Job losses were mostly concentrated in sectors suffering from the long plunge in oil and commodity prices: manufacturing shed workers for the second month, off 29,000; mining lost 12,000 jobs; and 6,000 fewer temp jobs (often in light manufacturing).

The rebound in the national manufacturing index to 51.8 to expansion and the bounce in new orders to 58.3 suggest that manufacturing employment may soon pick up.

Job growth stayed consistently strong this quarter even as other economic indicators weakened. Retail sales, durable goods orders, and construction spending suggest first-quarter GDP growth is less than 1%. We’d guess that revisions will boost that figure, so we forecast growth at 1.5% last quarter and 2% for the year.

The drag is from slower inventory accumulation as the overhang from last summer finally washes out. Superb job growth and robust upward revisions to fourth-quarter consumer spending suggest that monthly data underestimates overall spending.

The jump in all the March manufacturing surveys implies a pickup in output. A flat to weaker dollar will limit the drag from weaker exports. For those reasons, 2% growth for 2016 makes sense. Maybe, we should just learn to love 2% growth.

Land of the Rising Yen

One large economic area not yet enjoying the upturn is Japan. Its economy shrank in the fourth quarter and recent data hasn’t offered much rebound hope. February industrial production and retail sales contracted 6.2% and 2.3%, respectively, from the prior month.

Some of the weak output came from Lunar New Year timing and unexpected shutdowns at Toyota, where there was a steel-mill explosion. But, even after those problems, Bloomberg News noted that production was weak. 

The closely watched Tankan confidence index for large manufacturers dropped from 12 to 6, the largest quarterly decline since the end of 2012. The Nikkei manufacturing PMI for March declined to 49.1, with new export orders at the lowest since January 2013.

Corporate profits turned negative at the end of 2015 for the first time since 2011, down 1.7%. The labor market is still a bright spot with a very low jobless rate of 3.3%; the jobs-to-applicants ratio remained at a 24-year high of 1.28.

When is the next US rate hike?
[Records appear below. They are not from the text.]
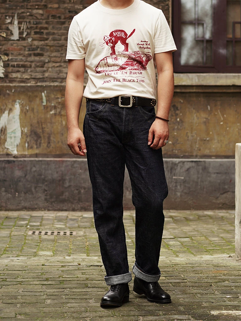 The monochrome print on the shirt is a reproduction of the “Black Toms” on an envelope from 1918. Although there is no rich color pattern, the simplified image is more interesting and memorable.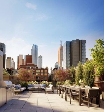 The Penthouse Collection at The Lexi offers an unparalleled blend of luxury, modernity, and architectural elegance in the heart of Manhattan. This exclusive 2-bedroom, 2-bathroom penthouse redefines sophistication, boasting two private terraces with jaw dropping views of the iconic New York City skyline, with the Empire State Building as a striking focal point from every room. Upon entry, grand custom walnut doors reveal a breathtaking open-concept living space, where approximately 11-foot ceilings and expansive floor-to-ceiling West facing double-paned windows invite abundant natural light all day. The focal pointa striking eat-in waterfall islandsets the stage for effortless entertaining. The gourmet kitchen, a culinary masterpiece, is adorned with Cristallo white quartzite countertops and backsplash, while custom Italian walnut oak lacquer cabinetry conceal a fully integrated Miele appliance set. Step out onto the 22-foot wide balcony that spans across the great room, or ascend the elegant glass staircase to the crown jewel of this residence: a 637 sq. ft. private rooftop terrace. Outfitted with concrete pavers and an outdoor kitchen, its perfect for alfresco dining and entertaining against the backdrop of New Yorks majestic skyline. The serene primary suite accommodates a California king-sized bed and features a generous walk in closet. The en-suite spa-like bathroom is a sanctuary unto itself, featuring Saint Laurent marble tile flooring, honed marble countertops, gold brass fixtures, and a walk-in wet room with a rain shower and a deep soaking tub. The second queen sized bedroom is equally refined, offering ample closet space situated across from your second full bathroom, which is outfitted with honed marble floors, Fior Di Bosco countertops, a custom Italian Interni oak vanity, and sleek chrome Dornbracht fixtures. Throughout the home, custom wide-plank white oak floors, high-efficiency Mitsubishi VRF multi-zone heating and cooling, and an in-unit Miele washer/dryer provide the pinnacle of modern comfort and convenience. Private storage unit comes with the unit for an added level of convenience. Designed by Isaac & Stern Architects in collaboration with DNArc P & Design Studios, The Lexi presents a full suite of premium amenities, including a state-of-the-art fitness center, a stylish resident lounge, co-working spaces, a pet spa, a bicycle room, and a beautifully landscaped furnished rooftop deck with BBQ stations and panoramic views of the city. Located in the heart of Manhattans coveted Kips Bay, The Lexi is moments away from the best the city has to offerTrader Joes, Whole Foods, Michelin-starred dining, vibrant nightlife, and cultural destinations. Madison Square Park and transportation options including the R/W/6 subway lines are just steps away.
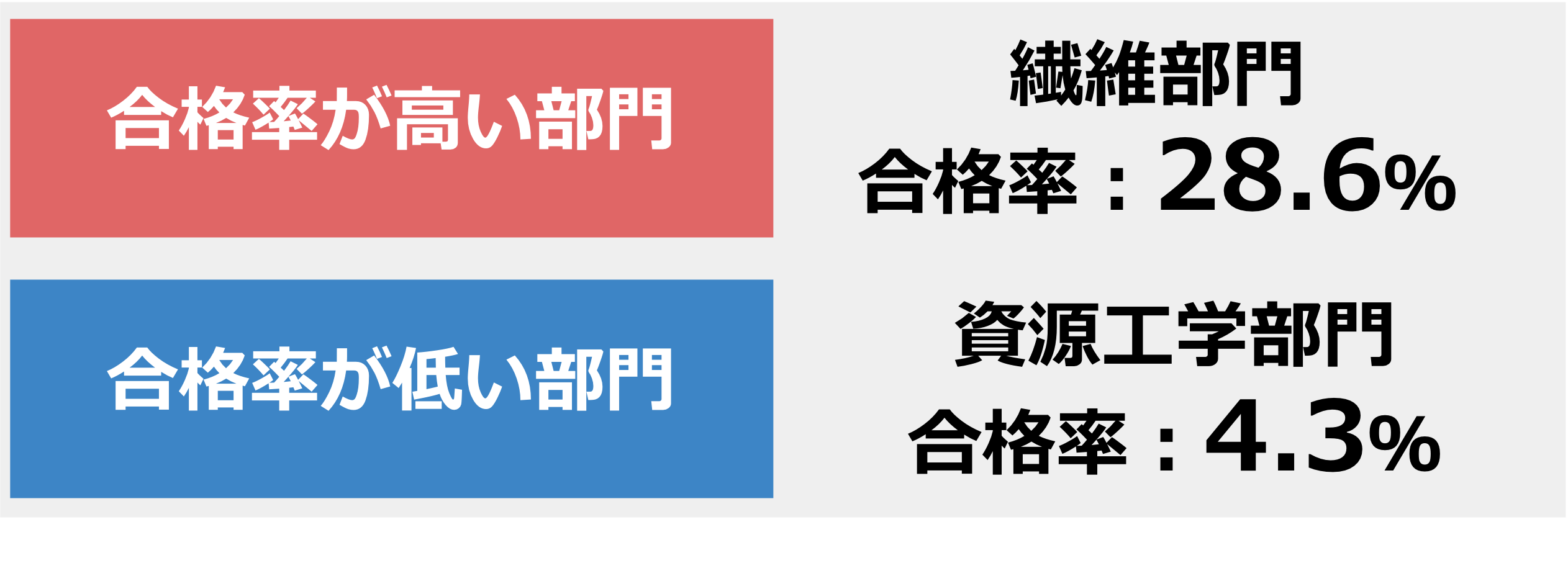 一方で、資源工学部門の合格率は4.3%と、最も低くなっています。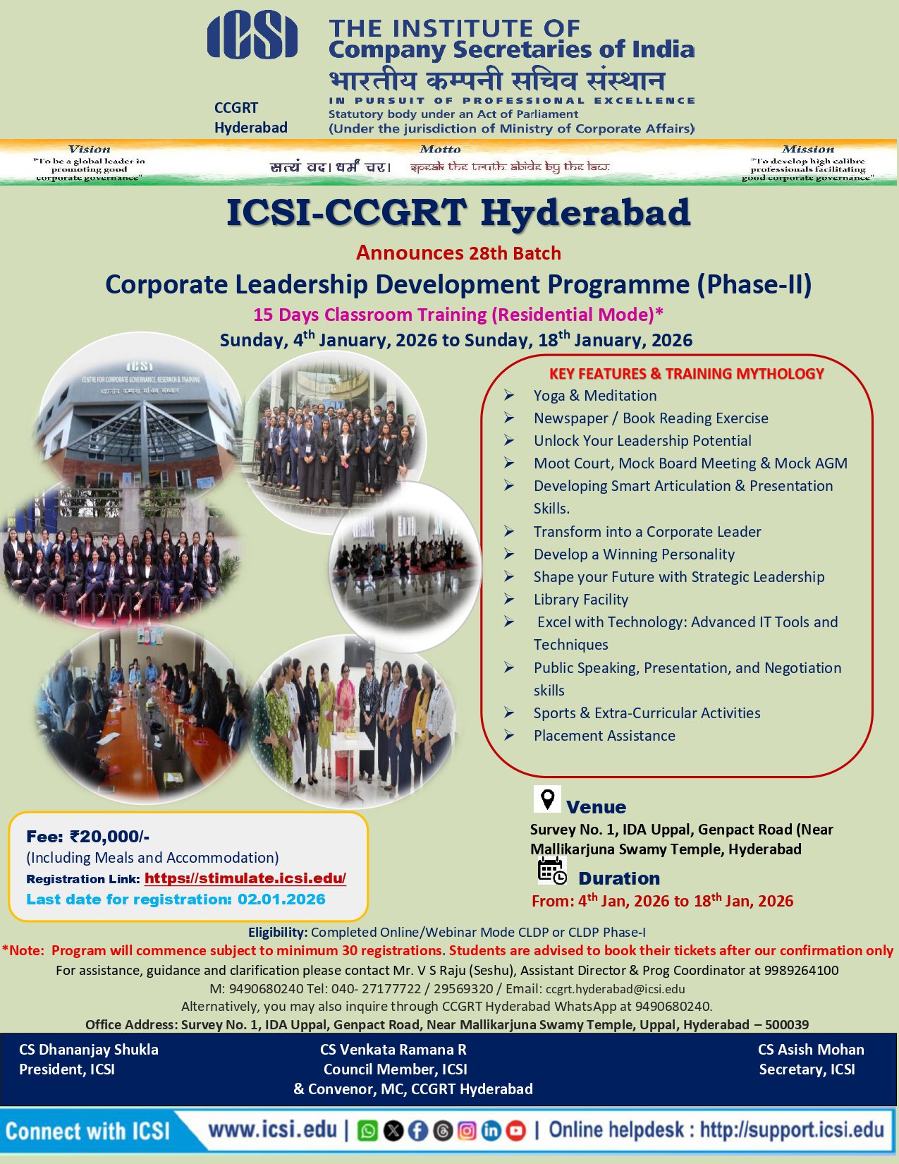 ICSI CCGRT Hyderabad's 28th CLDP (Phase 2) - Sunday, 4th January, 2026 to Sunday, 18th January, 2026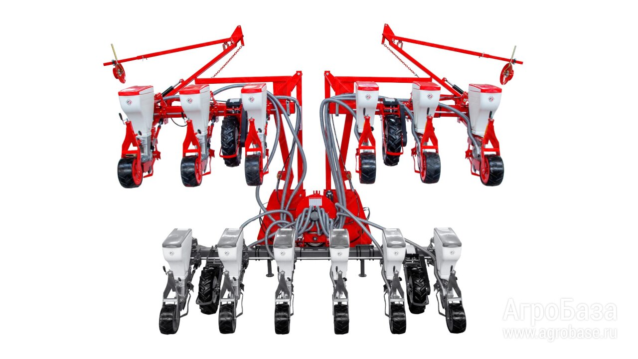 Универсальная пневматическая сеялка предназначена для точного высева калиброванных семян кукурузы, подсолнечника, клещевины, сорго, сои, а также семян кормовых бобов, фасоли, люпина с одновременным, раздельным от семян внесением гранулированных минеральных удобрений дисковым сошником.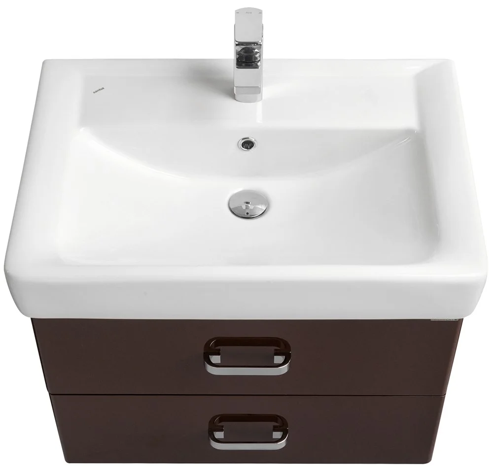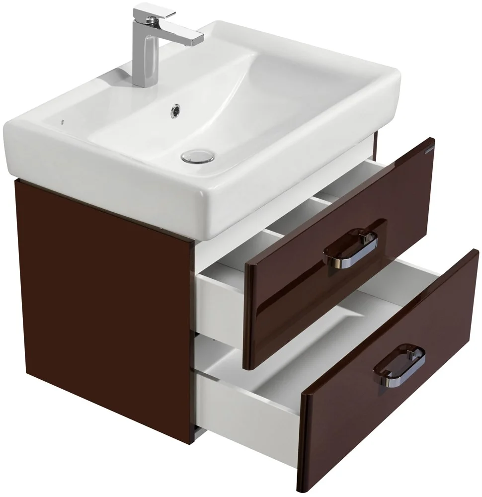 Стильная лаконичная модель, укомплектованная прямоугольной керамической раковиной с широкой удобной чашей. В тумбе имеются два ящика, изготовленные из декоративной влагостойкой ДСП. Нижний ящик тумбы - широкий и вместительный - предназначен для крупных предметов, а в верхнем имеется специальная организация пространства, позволяющая хранить мелкие вещи.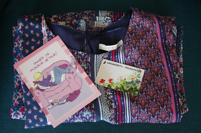 Pääsiäisen aikaan vanhenin taas. Saamani kukkapaljous jo näkyi kuvissa, mutta ystävälliset lähimmäiset muistivat muutenkin. Materialistinen postaus on vähän viivästynyt, mutta nyt täältä pesee! Viivästykselle on kaksi syytä. Ensimmäinen on se, että yksi lahja tuli lahjakorttina ja halusin käyttää sen ennen kuin postaan lahjajutun. Toinen syy on se, että tiesin Jyväskylän siskon lähettäneen onnittelupostia, mutta sitä ei vain kuulunut... Paitsi nyt perjantaina. Pitkään kesti kirjeen matka!

Yellen thinks the globalized nature of the world economy augurs for a slower pace of tightening. So, June seems the most likely time

The stronger yen is likely behind the weakness, which came despite efforts from the Bank of Japan (BoJ). After the BoJ took deposit rates below zero at the end of January, the yen slid temporarily, breaching 120.

But, with the huge market volatility in February, the yen rose as a safe haven. It’s now up over 10% against the dollar since bottoming last summer. Strong currency and poor data weighed on the Topix Index, down nearly 13% in the first quarter.

The rough start brings the question: Is more and more extraordinary stimulus from the Bank of Japan working?

The Tankan survey did show improved lending conditions for financial institutions. The BoJ hoped to force banks to lend with negative rates; and lower lending standards are good news. Further, negative deposit rates had a significant effect on the yield curve, taking yields below zero out to 10 years; and longer-term yields have dropped sharply.

In theory, negative rates make bonds and cash unattractive since investors pay to hold Japanese debt; so, money should exit Japan, weakening the yen. Not so far. Negative rates are not overcoming the desire for safe-haven assets and repatriation flows. More confidence could reduce that demand and limit upward pressure on the yen.

Perhaps all the yen’s strength is not attributable just to the safe-haven trade. At its weakest, the yen was undervalued relative to purchasing power parity. Further, the BoJ has to contend with super-easy policy globally. The Fed has turned dovish so monetary policies are not diverging as much.

The BoJ may have more bullets left, and with a worsening outlook, could very well use them. But, with the Fed on a more gradual path and an extremely easy European Central Bank (ECB), the BoJ has limited effectiveness.

When’s the Next US Rate Hike?

June. Yellen thinks the globalized nature of the world economy augurs for a slower pace of tightening. So, June seems the most likely time for the next rate hike.

The cyclical upturn is dissipating the early year angst and worry from the negative impact of the dollar surge and oil plunge. We believe those two trends have exhausted and the weak growth, credit market stress, and falling profits attending them are in the process of fading.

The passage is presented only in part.